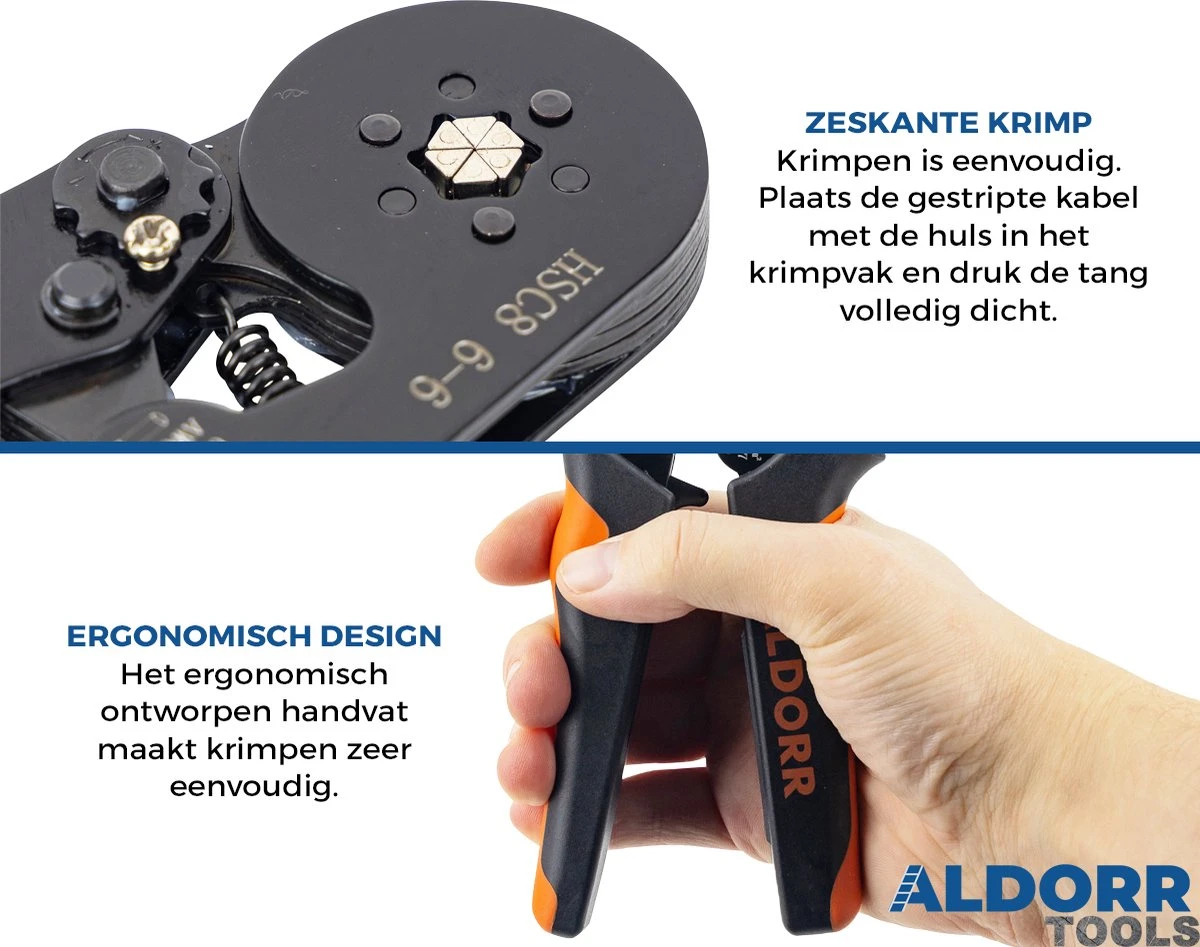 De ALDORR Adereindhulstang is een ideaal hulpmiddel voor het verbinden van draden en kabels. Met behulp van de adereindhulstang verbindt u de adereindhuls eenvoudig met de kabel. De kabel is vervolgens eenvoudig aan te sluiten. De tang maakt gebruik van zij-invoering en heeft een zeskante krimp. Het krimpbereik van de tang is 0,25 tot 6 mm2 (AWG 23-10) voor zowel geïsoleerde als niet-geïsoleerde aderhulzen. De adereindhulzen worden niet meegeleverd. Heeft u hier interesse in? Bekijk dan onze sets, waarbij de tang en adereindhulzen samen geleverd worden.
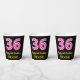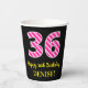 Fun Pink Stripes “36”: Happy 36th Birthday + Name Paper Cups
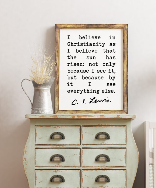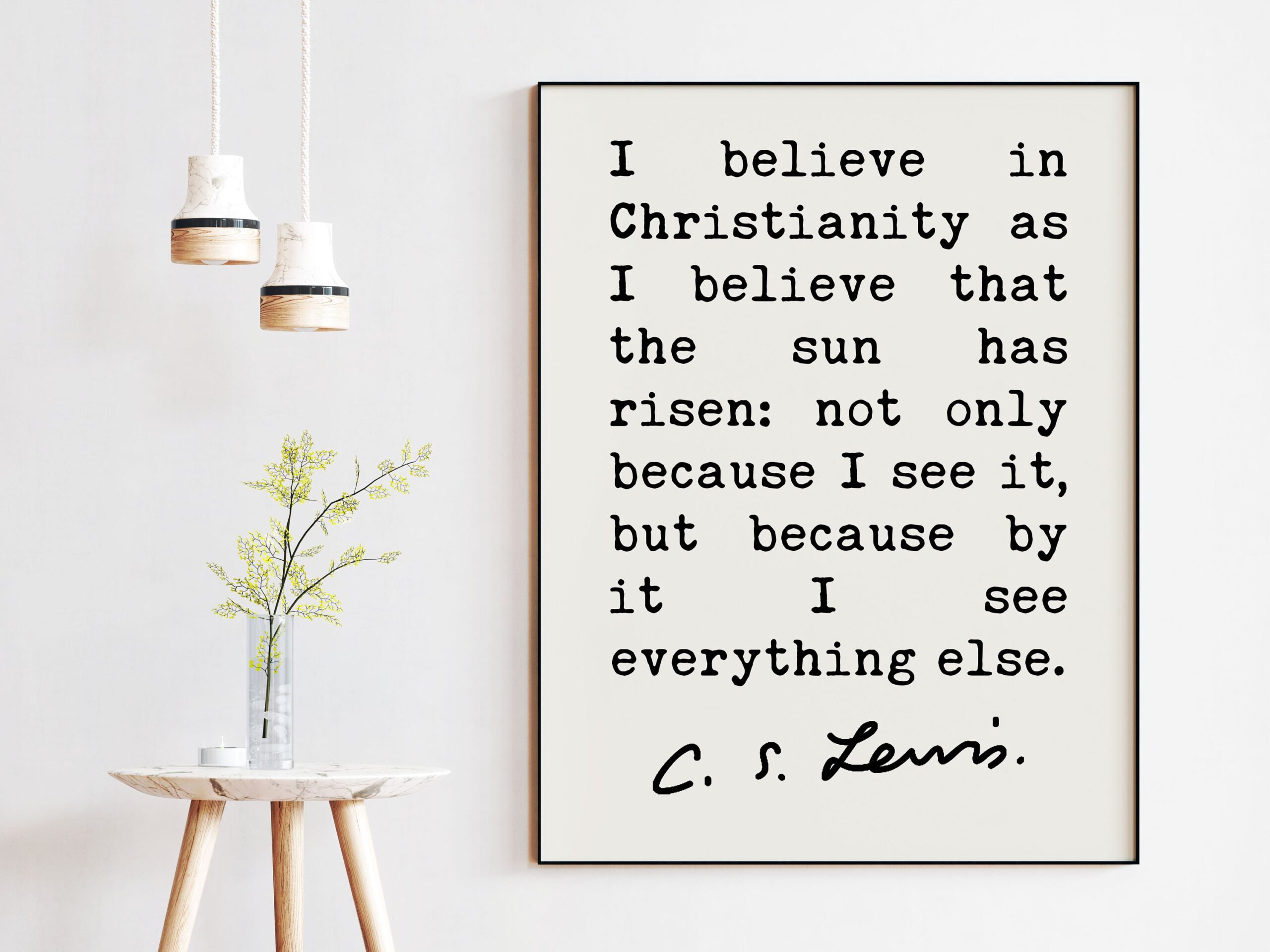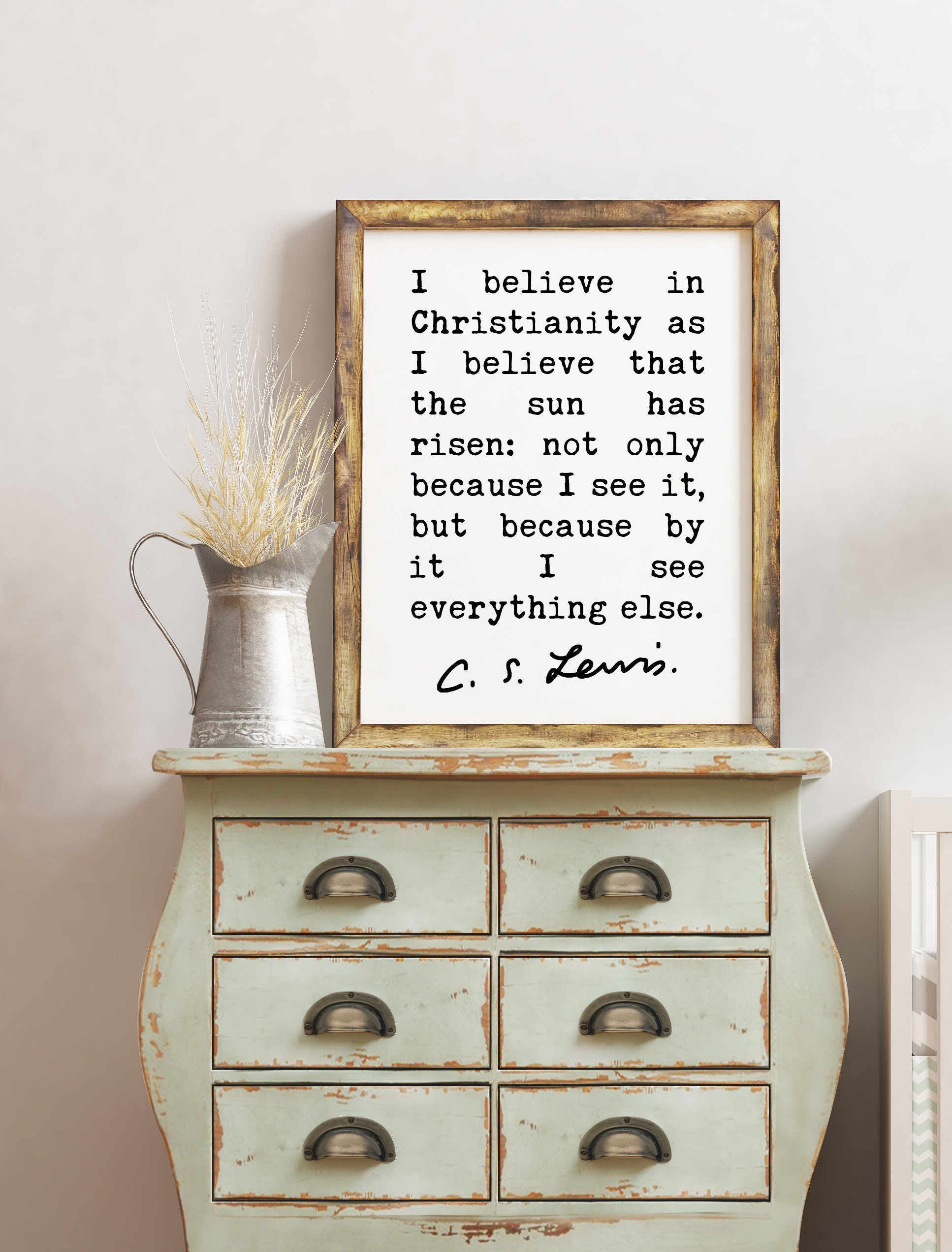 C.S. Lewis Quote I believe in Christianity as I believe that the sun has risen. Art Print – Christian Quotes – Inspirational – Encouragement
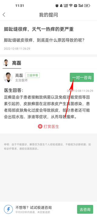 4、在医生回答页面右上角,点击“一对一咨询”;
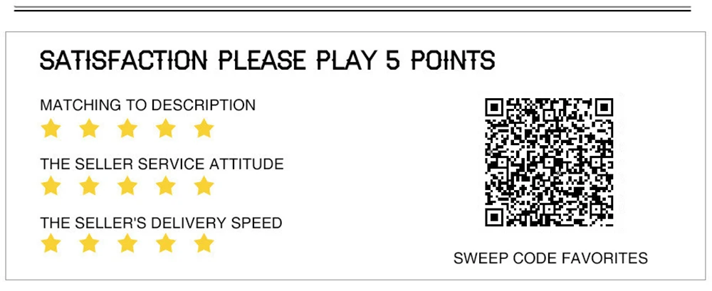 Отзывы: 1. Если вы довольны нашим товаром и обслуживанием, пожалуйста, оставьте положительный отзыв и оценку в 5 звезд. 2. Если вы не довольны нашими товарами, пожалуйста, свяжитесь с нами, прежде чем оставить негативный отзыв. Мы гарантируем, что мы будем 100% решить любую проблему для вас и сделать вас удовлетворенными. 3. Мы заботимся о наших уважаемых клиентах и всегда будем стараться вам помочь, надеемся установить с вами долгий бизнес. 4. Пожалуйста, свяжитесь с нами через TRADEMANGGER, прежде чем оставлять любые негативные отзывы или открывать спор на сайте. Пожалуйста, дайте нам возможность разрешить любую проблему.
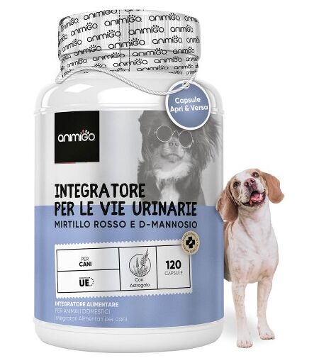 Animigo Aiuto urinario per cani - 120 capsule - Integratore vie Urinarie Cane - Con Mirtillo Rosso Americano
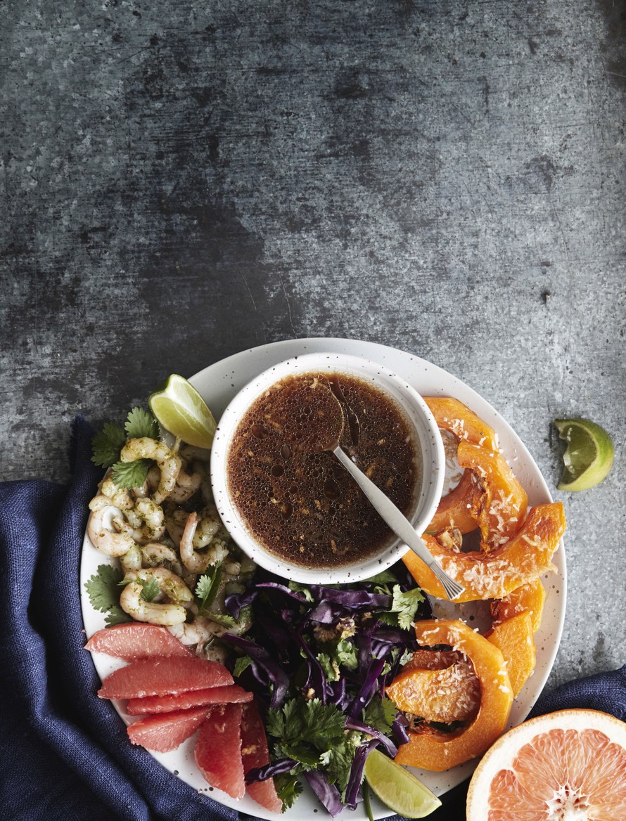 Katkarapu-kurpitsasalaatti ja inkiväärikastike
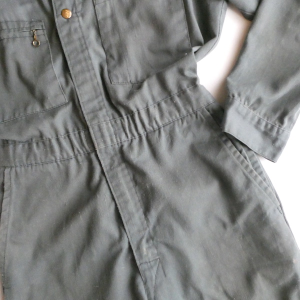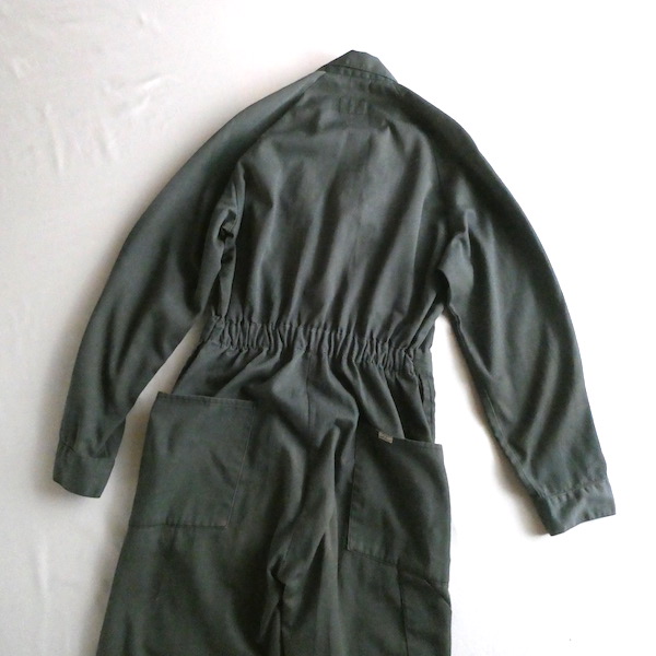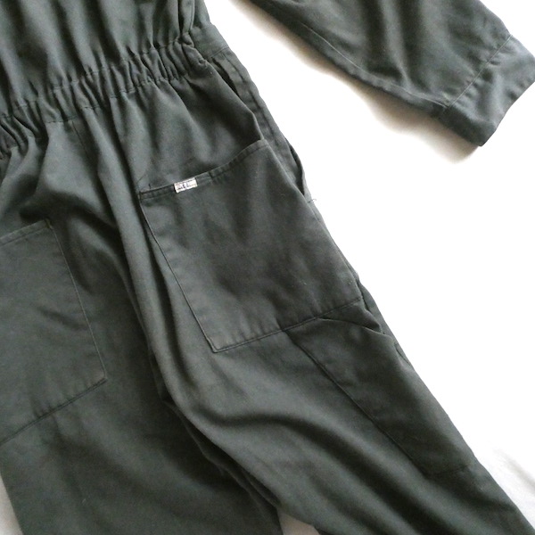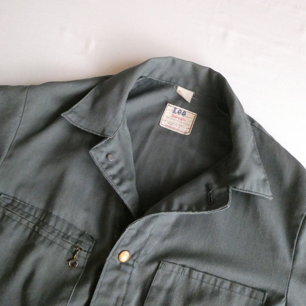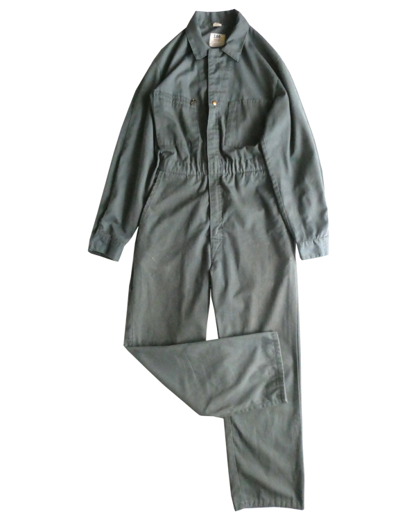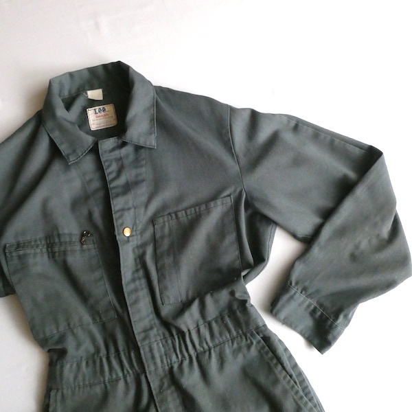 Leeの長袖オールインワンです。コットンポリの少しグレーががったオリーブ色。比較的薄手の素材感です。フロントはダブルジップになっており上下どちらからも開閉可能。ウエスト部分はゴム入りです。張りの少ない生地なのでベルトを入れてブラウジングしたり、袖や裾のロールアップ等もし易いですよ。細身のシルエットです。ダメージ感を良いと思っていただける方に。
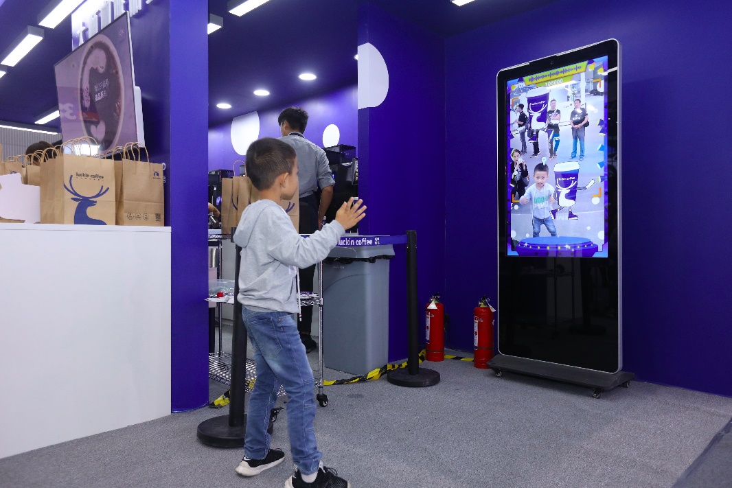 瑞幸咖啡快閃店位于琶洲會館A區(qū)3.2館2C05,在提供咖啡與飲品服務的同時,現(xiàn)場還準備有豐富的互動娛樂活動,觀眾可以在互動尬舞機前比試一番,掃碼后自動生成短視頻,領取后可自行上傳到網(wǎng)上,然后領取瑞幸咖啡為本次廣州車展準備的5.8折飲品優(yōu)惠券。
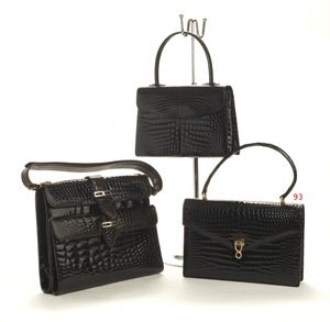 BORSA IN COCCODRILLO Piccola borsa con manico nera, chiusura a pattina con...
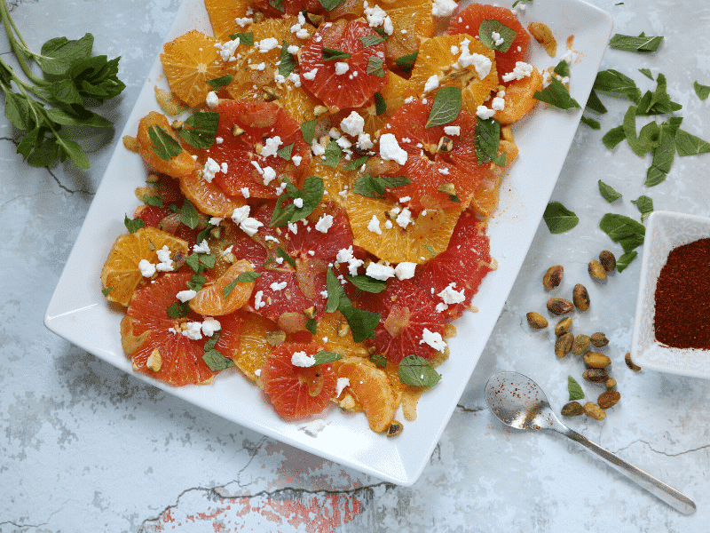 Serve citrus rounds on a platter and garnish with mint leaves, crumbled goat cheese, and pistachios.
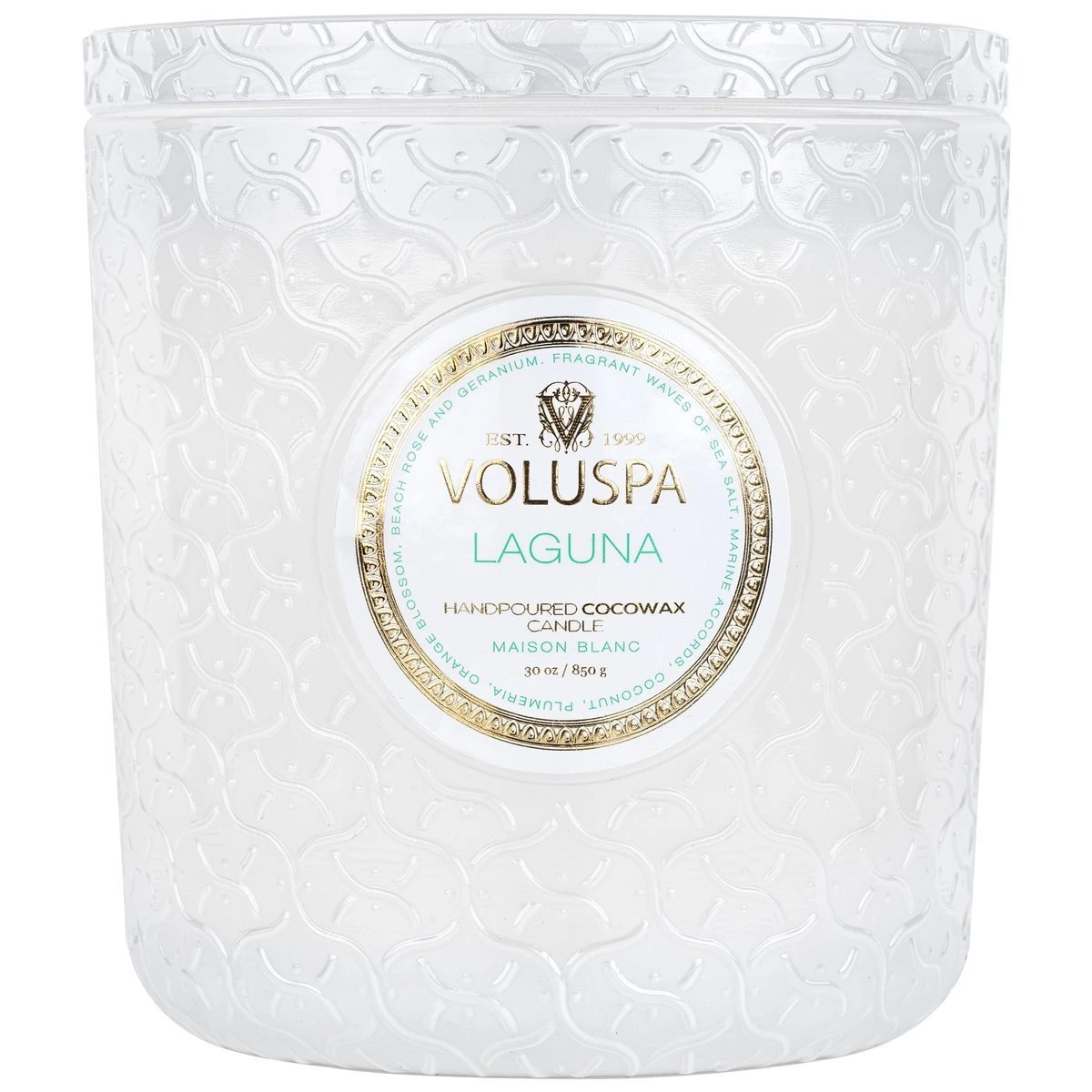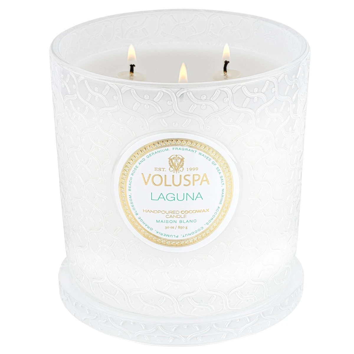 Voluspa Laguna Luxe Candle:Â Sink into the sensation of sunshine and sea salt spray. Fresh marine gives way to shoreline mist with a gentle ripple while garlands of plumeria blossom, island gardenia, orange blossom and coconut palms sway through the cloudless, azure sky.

::::::::

• [ASSIGNED TASK]: The lines from the one containing "BORSA IN COCCODRILLO" through the last line of the records are what you should copy, word for word and nothing else, with pictures left out.

• [OUTPUT FOR THIS EXERCISE]:
 BORSA IN COCCODRILLO Piccola borsa con manico nera, chiusura a pattina con...
 Serve citrus rounds on a platter and garnish with mint leaves, crumbled goat cheese, and pistachios.
 Voluspa Laguna Luxe Candle:Â Sink into the sensation of sunshine and sea salt spray. Fresh marine gives way to shoreline mist with a gentle ripple while garlands of plumeria blossom, island gardenia, orange blossom and coconut palms sway through the cloudless, azure sky.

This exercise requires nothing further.